Task item. A faithful copy is needed of the lines below from the one with "Poems, chiefly in" up to and including the one with "3、接着,输入了关键词之后会跳转更详细的一些词汇,点击即可进入地图页面;"; set it down with no pictures and no other lines.
(Beginning of Exercise data)
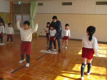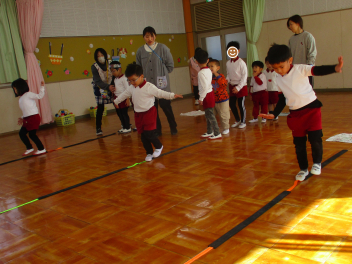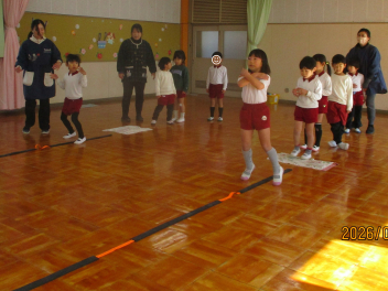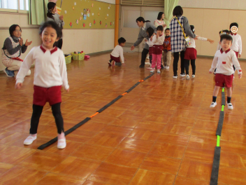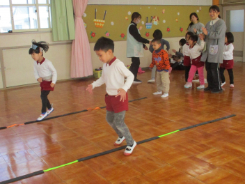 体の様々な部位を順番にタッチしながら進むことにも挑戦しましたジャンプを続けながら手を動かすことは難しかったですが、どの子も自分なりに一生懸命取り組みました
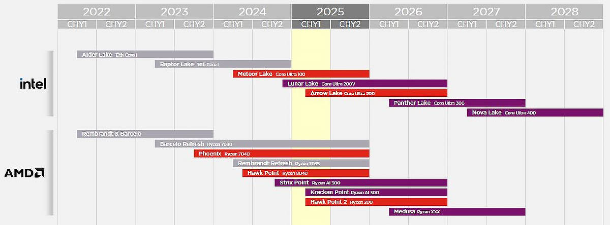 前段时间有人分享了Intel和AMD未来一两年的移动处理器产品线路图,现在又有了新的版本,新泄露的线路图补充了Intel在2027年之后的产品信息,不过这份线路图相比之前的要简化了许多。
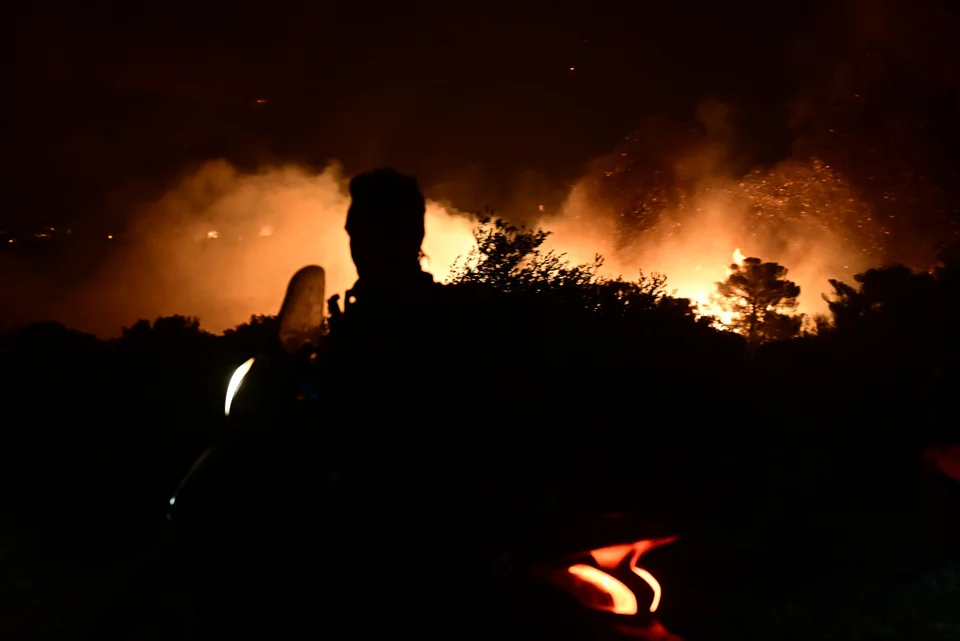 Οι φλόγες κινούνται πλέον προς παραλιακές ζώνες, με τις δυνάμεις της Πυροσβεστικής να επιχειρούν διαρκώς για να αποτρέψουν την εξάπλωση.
(End of Exercise data)
(Beginning of Exercise data)
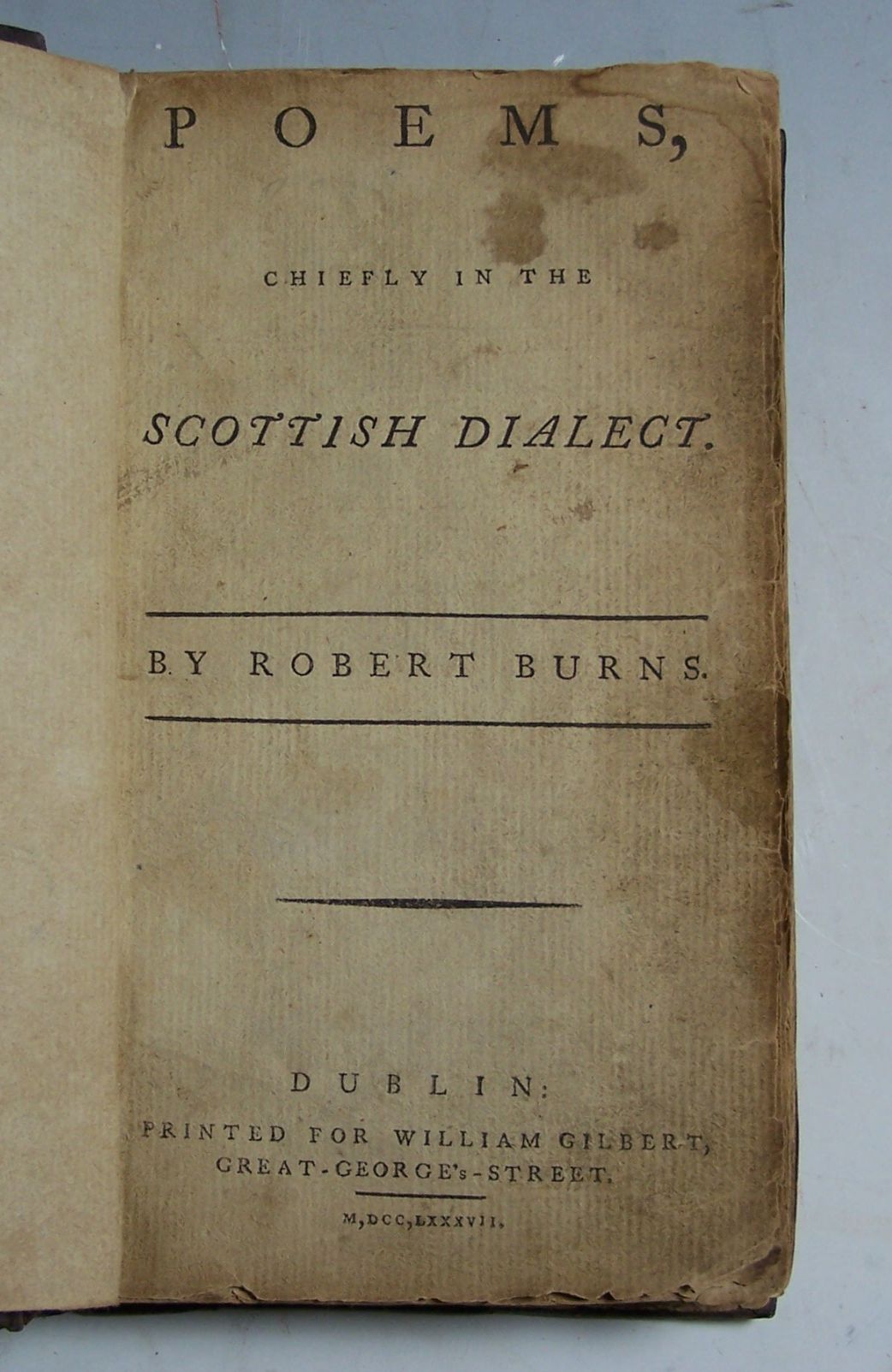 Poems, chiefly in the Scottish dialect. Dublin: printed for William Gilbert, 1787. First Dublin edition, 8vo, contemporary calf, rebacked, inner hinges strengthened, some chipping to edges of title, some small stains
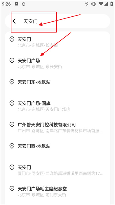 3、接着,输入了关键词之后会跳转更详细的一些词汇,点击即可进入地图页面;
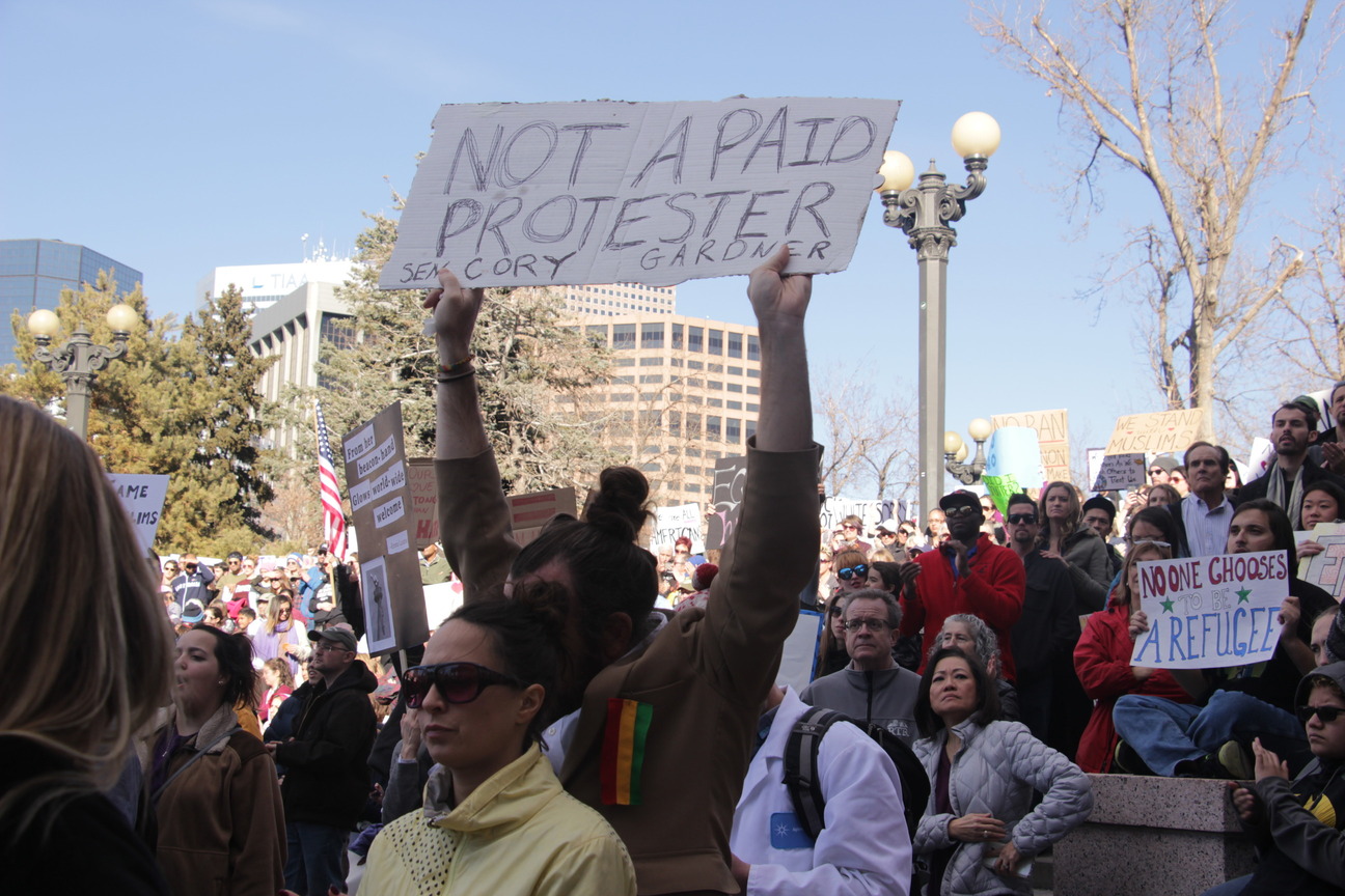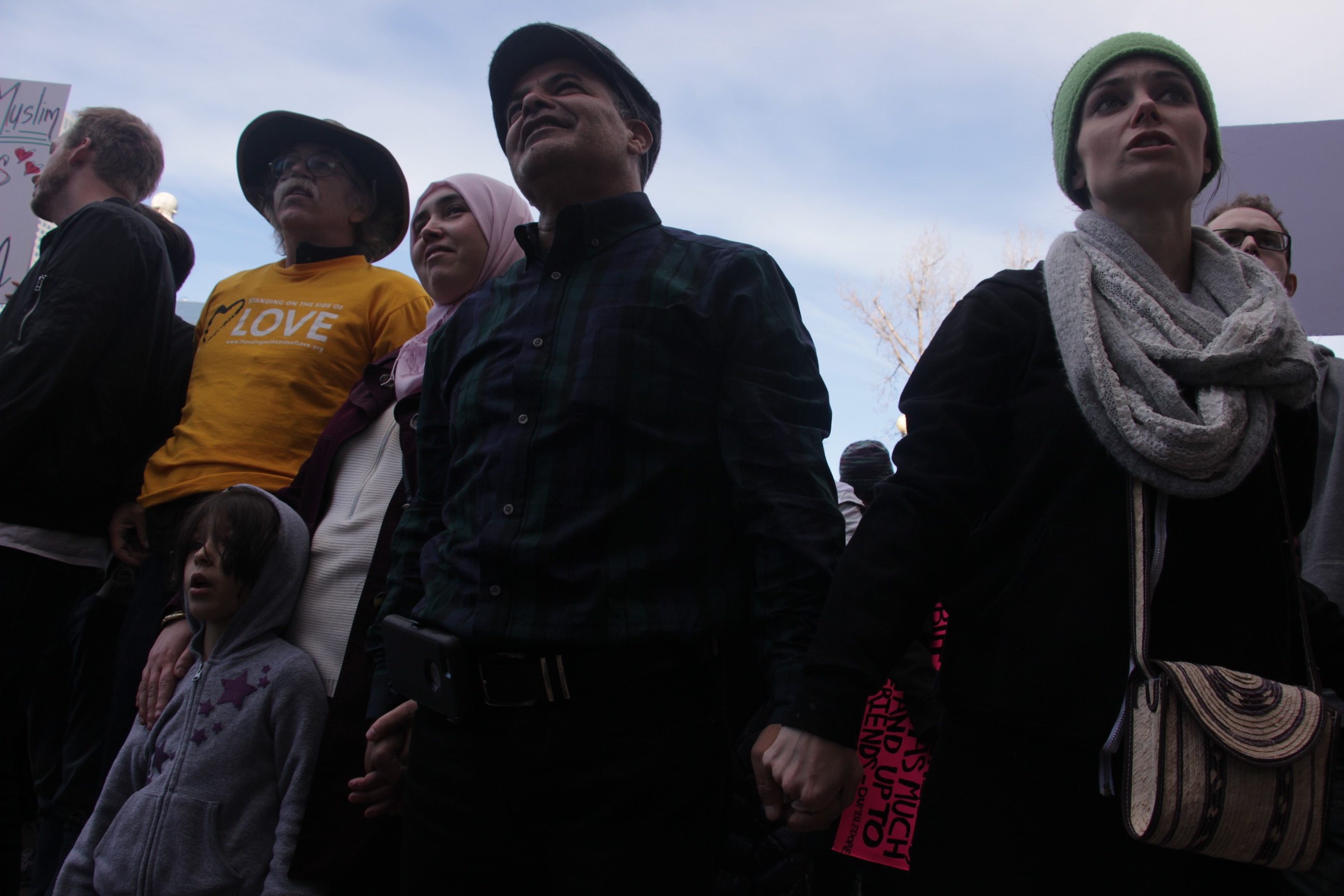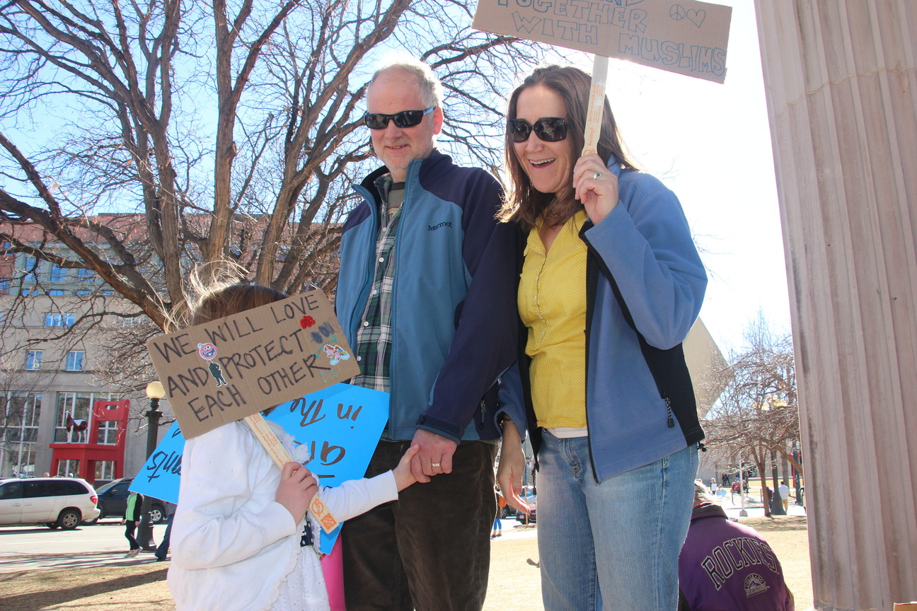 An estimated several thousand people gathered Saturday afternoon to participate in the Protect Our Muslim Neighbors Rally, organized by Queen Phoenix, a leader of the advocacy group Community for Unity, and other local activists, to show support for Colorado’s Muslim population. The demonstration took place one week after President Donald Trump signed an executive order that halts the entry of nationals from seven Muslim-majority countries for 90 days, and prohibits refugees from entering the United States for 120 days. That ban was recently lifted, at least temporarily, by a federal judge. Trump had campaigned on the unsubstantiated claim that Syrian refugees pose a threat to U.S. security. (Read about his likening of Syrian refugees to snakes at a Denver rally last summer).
(End of Exercise data)
Reply to the task.
 Poems, chiefly in the Scottish dialect. Dublin: printed for William Gilbert, 1787. First Dublin edition, 8vo, contemporary calf, rebacked, inner hinges strengthened, some chipping to edges of title, some small stains
 3、接着,输入了关键词之后会跳转更详细的一些词汇,点击即可进入地图页面;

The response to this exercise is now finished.